Figure 8. EZH2^ΔSET deletion increases ADM in the absence of the tissue microenvironment.

(A) Experimental design for acinar cell isolation and embedding into collagen 22 days after KRAS^G12D induction. (B) Representative images of cell clusters 3 and 7 days after acinar cell isolation. Genotypes are indicated. Scale bar: 100 μm. (C) Quantification of the percentage of cell clusters with visible ADM, 1–9 days after acinar cell isolation. Fifty or more clusters were counted for each condition. Data are shown as mean ± SEM (n = 2 for Mist1^creERT/– KRAS^G12D, n = 3 mice for KRAS^G12DEzh2^ΔSET, n = 4 mice for KRAS^G12D, n = 5 mice for Ezh2^ΔSET, n = 6 mice for control, and n = 7 mice for MKE). (D) Representative images of control acinar after 7 days of treatment with increasing amounts of EZH2 inhibitor EPZ6438. Scale bar: 100 μm. (E) Quantification of 50+ acinar clusters for each condition. Data are shown as mean ± SEM. n = 3. In all cases, significance was measured by a repeated measures 1-way ANOVA followed by Dunnett’s correction. *P ≤ 0.05, **P ≤ 0.01, ***P < 0.001.
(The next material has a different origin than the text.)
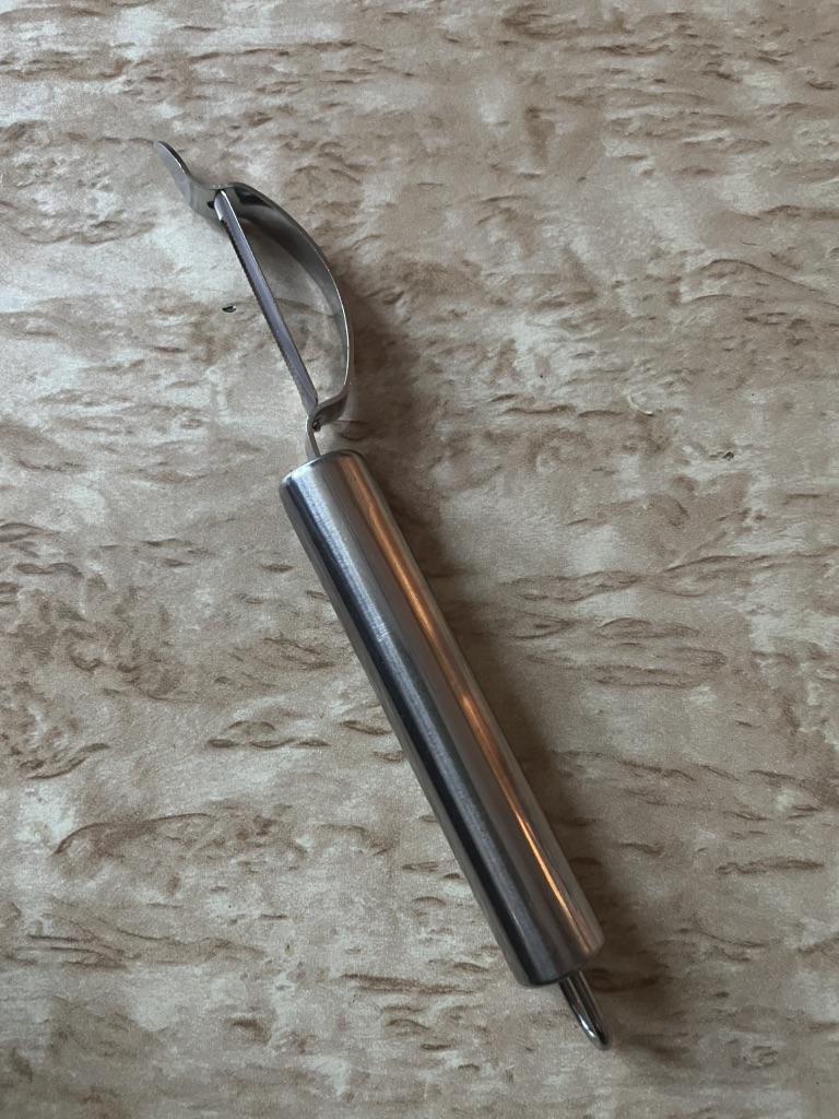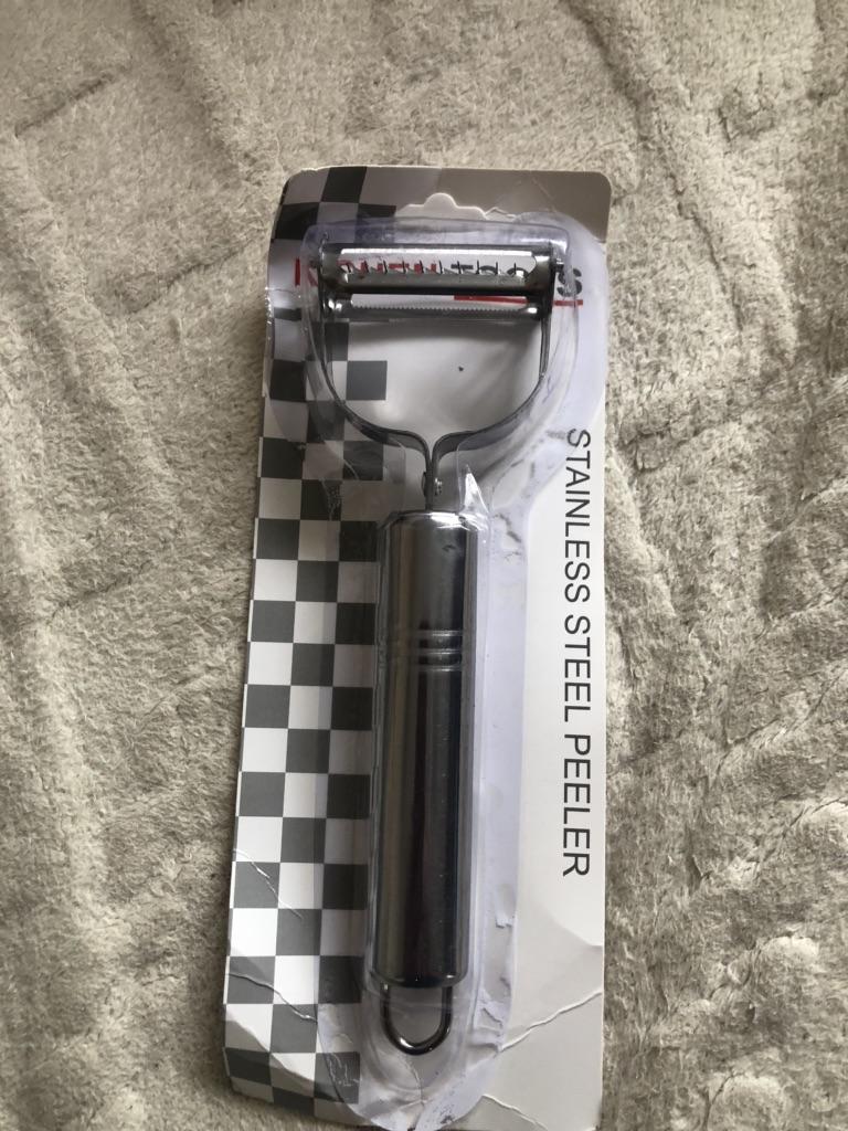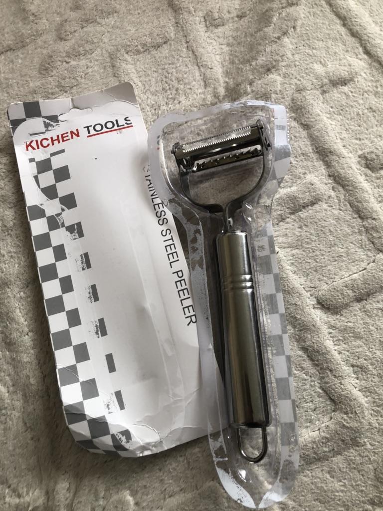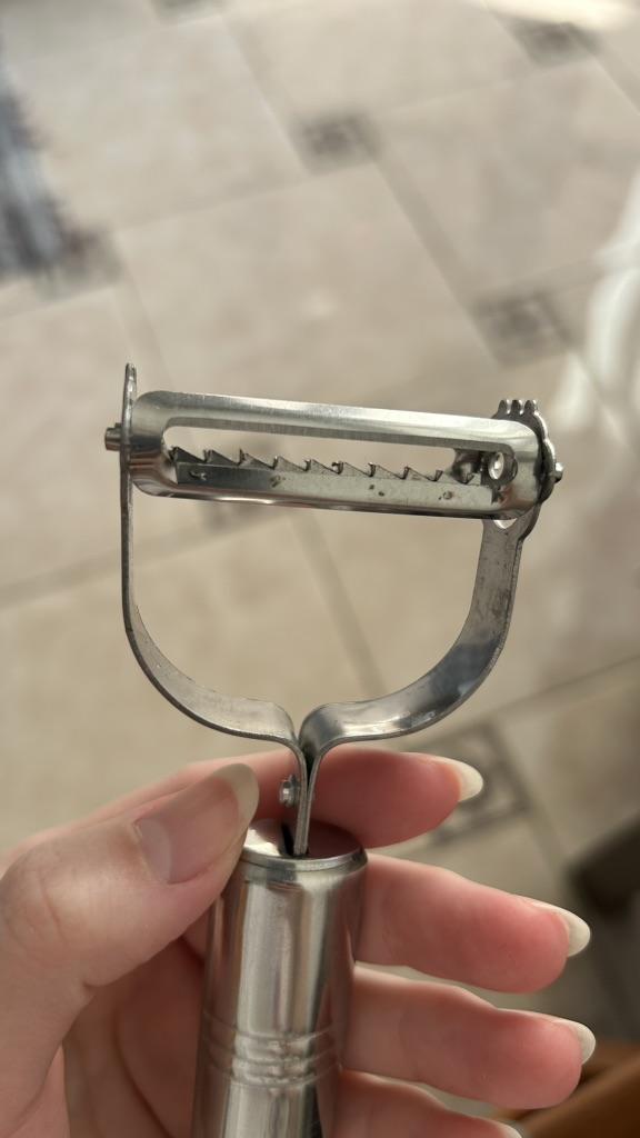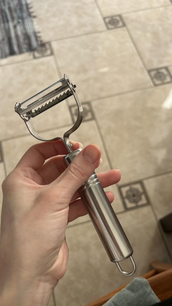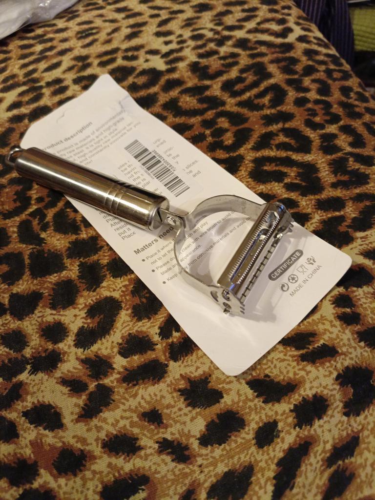 Good, double-sided. . One side peels and slices flat sheets, the other cuts into julienne strips. . Thank you for the gift! Like it !

Figure 9. EZH2^ΔSET deletion has different cell autonomous roles depending on the context in which KRAS^G12D is expressed.

(A) Morphology of KRAS^G12D, KRAS^G12DEzh2^ΔSET, and MKE tissue 2 weeks after induction of CIP. Scale bar: 500 μm (left images), 100 μm (right images). (B) Representative images of organoids cultured in matrigel 1, 7, and 11 days after isolation. Cells were seeded at 5,000 cells. Genotypes are indicated. Scale bar: 2.4 mm. (C) Representative images of organoids 0, 5, and 7 days after first passage. Cells were seeded at 5,000 cells. Scale bar: 2.4 mm. (D) Quantification of organoid area 5 and 7 days after passage for KRAS^G12D, KRAS^G12DEzh2^ΔSET, and MKE cultures. Data represent mean ± 95% CI. Number of organoids assessed is indicated above each data point. Significance was measured by 2-way ANOVA followed by Tukey’s correction. ***P ≤ 0.001.